However, some Authors have highlighted that a larger audit committee is
required to better perform its role, as it requires more discussions and
assures more skills, backgrounds and competences (Garcia-Sanchez et al.,
2012; Alkdai and Hanefak, 2012; Raghunandan and Rama, 2007). Despite
these considerations, a smaller audit committee can enhance directors’ sense
of participation, can make the group of directors more cohesive and able to
reach consensus (Lipton and Lorsch, 1992; Dalton et al., 1999). This
cohesiveness can increase audit committee vigilance over the board
decisions and curtail potential managerial opportunism (Yermack, 1996).
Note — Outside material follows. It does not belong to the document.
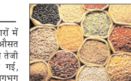
प्रति क्विंटल महंगी हुई। मसूर दाल के दाम कमोबेश स्थिर रहे। अमेरिका और ईरान के बीच दो सप्ताह के युद्ध विराम पर सहमति बनने के बाद विदेशों में खाद्य तेलों में तीन प्रतिशत से अधिक की बड़ी गिरावट देखी गई। मलेेशिया के बुरसा मलेेशिया डेरिवेटिव एक्सचेंज में जून का मूंग ऑयल वायदा 179 रिंगिट गिरकर 4,586 रिंगिट प्रति टन पर रहा। जुलाई का अमेरिकी सोया तेल वायदा 3.65 प्रतिशत फिसलकर 66.87 सेंट प्रति पौंड

घरेलू थोक जिस बाजारों में बुधवार को चावल का औसत भाव चढ़ गया। दालों में भी तेजी रही। गेहूं में नरमी देखी गई, जबकि चीनी की कीमत लगभग अपरिवर्तित रही। खाद्य तेलों में उतार-चढ़ाव का रुख रहा। औसत दर्जे के चावल का औसत भाव 22 रुपये बढ़कर 3,867 रुपये प्रति क्विंटल पर पहुंच गया। गेहूं की रुपये सरता हुआ और 2,771 रुपये प्रति क्विंटल बोला गया। आटे की कीमत तीन रुपये प्रति क्विंटल चढ़ गयी। दाल-दलहन में तेजी रही। मूंग दाल की औसत कीमत 18 रुपये और तुअर दाल की 16 रुपये प्रति क्विंटल बढ़ गई। उड़द दाल 15 रुपये और चना दाल 11 रुपये

The second important aspect we decide to focus on is audit committee
membership. Prior researches have principally investigated committee
membership in terms of type, gender and occupation of directors (Kesner,
1988; Klein, 1995; Spira and Bender, 2004). In particular these Authors find
that the presence of outside directors in committees facilitates the strategic
and monitoring role of the board, because they can provide their experience,
external associations and knowledge, and can be more objective. According
to Najjar (2011) outside directors in the audit committee can be considered
as a key monitoring tool since these directors improve the monitoring
resources for financial reporting (Beasley, 1996; Dechow et al., 1996;
Sharma et al., 2009; Romano and Guerrini, 2012). Similarly, Klein (2002)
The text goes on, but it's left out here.